MAKING OUT a strong case for an overhaul of the internal security apparatus, J&K Governor N N Vohra said Sunday that the country has not been able to develop a pan-Indian approach for national security and that central governments have not been able to convince states that they hold equal responsibility on this issue.
Delivering the 12th R N Kao memorial lecture at the Research and Analysis Wing (RAW) headquarters, Vohra’s suggestions included a new national security policy, a new anti-terror law, a specialised national security administrative cadre and the creation of a new ministry for national security.
“It (national security) is a crying concern and as a country, we are not conscious of security concerns,” he said.
Listing the complex security issues confronting the country, Vohra said, “It is erroneous to think that external and internal threats are different… States use the specious argument that they do not have funds for matters of internal security.”
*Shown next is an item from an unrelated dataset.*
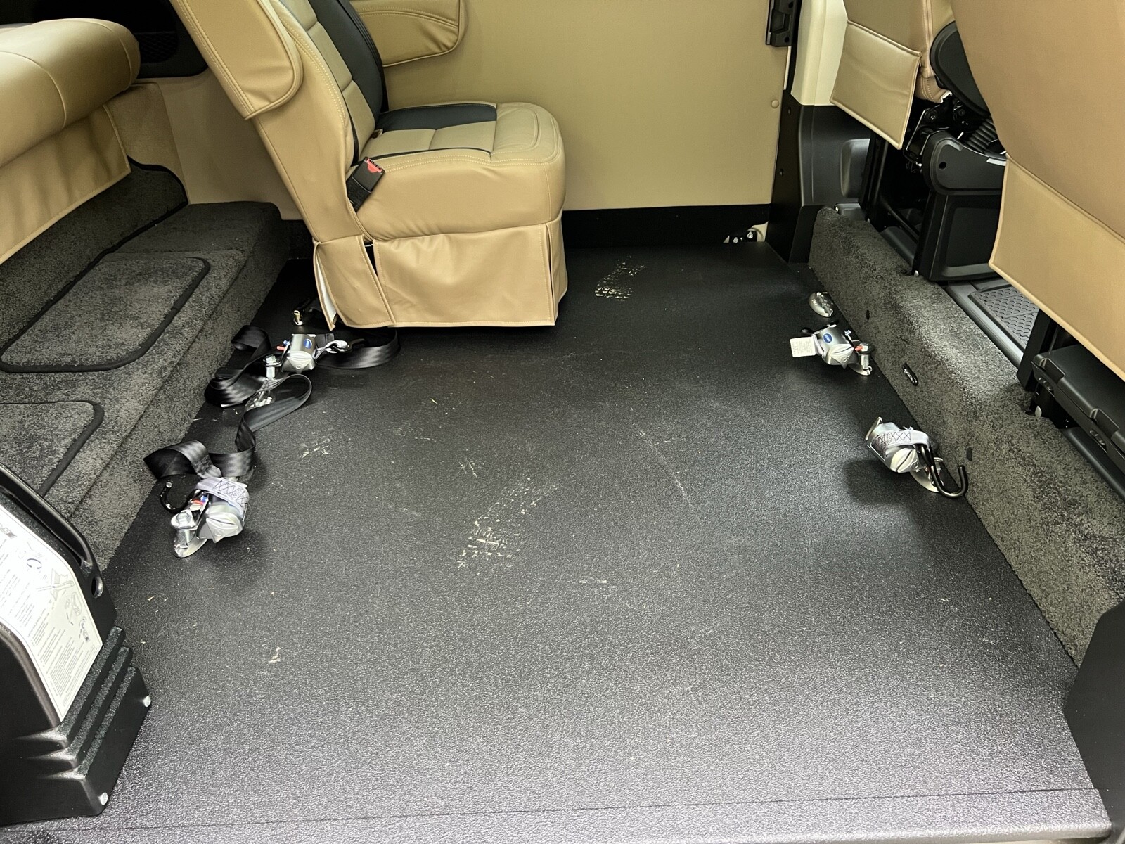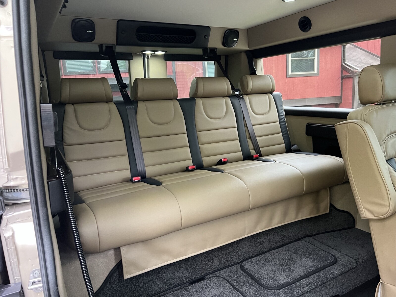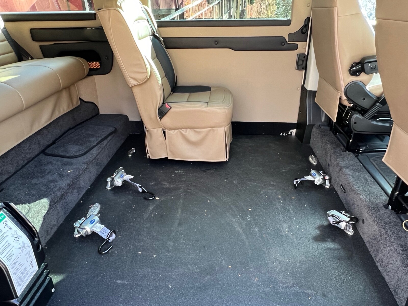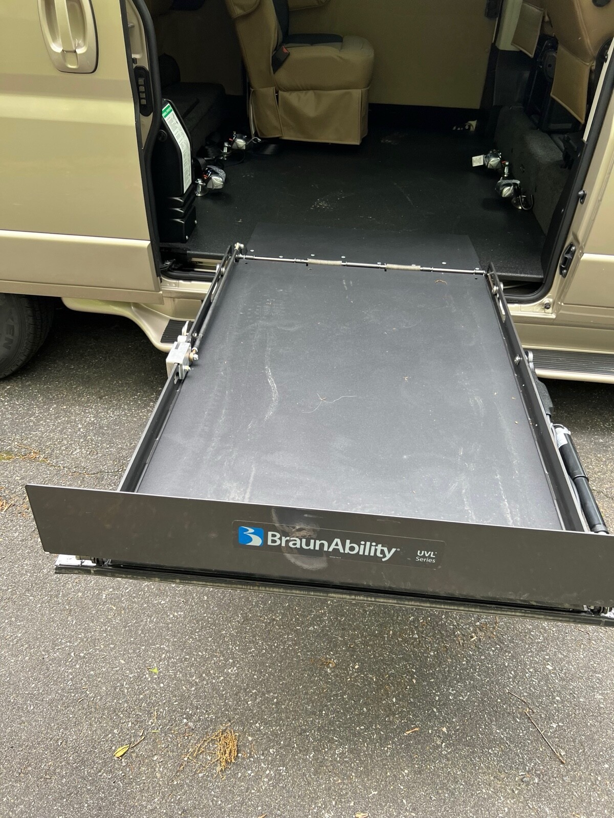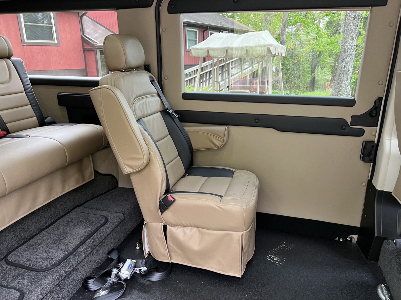 The van is a very nice tempest conversion van. The rear seat falls down into a bed went upright position. You can say seat four people, there is plenty of storage space in the back also has a captains chair that sits next to the wheelchair as you can see in the photos. Any questions you could email me or you may even call 540-845-6120.

The J&K Governor was critical of central paramilitary forces and Army being rushed in frequently for “dousing fires”. Excessive use of the Army in different parts of the country was “blunting” its edge since the rules of engagement for handling internal conflagrations needed “restraint”, he said.
However, Vohra did not make any direct reference to the situation in J&K during his critique of the handling of internal security issues between the Centre and states.
During his lecture, attended by the top brass of intelligence agencies, Vohra listed a three-pronged approach for refurbishing the internal security mechanism.
First, he said, there was an urgent need for promulgating a “well-considered and holistic” National Security Policy, which should be implemented with a time-bound action plan. “There are new threats before us….our response should not be ad hoc and disparate,” he said.
Vohra said that a “bi-partisan” policy should be promulgated in consultation with chief ministers using the platform of the Inter State Council and existing provisions of the Constitution.
Two, the Governor said that given the specialised nature of security challenges, there was a need for refurbishing the internal security administrative apparatus. He said the Centre should consider setting up a National Security Administrative Service with deployment also made in states.
Finally, he argued there was a need for enactment of a new anti-terror law, which would have a more “enlarged” role than the National Intelligence Agency (NIA) which, he said, had been “set up in a hurry” in 2009. He also listed the “disparate” subjects and departments being clubbed under the Ministry of Home Affairs (MHA) and said that presently, there was need of setting up an exclusive ministry to handle issues of National Security at every front.
Speaking about the challenges confronting the country’s top sleuths, Vohra also made out a case for having an oversight mechanism to monitor the functioning of the Intelligence Bureau (IB) and RAW. While the J&K Governor suggested the British model be examined for adopting such a mechanism, former RAW chief Sanjeev Tripathi said during an interactive session that the US model might be more effective.
Asked about the 2012 Naresh Chandra Committee report, which had suggested similar proposals, former RAW chief K C Verma stood up to say that he “felt cheated” that the recommendations never saw the light of day.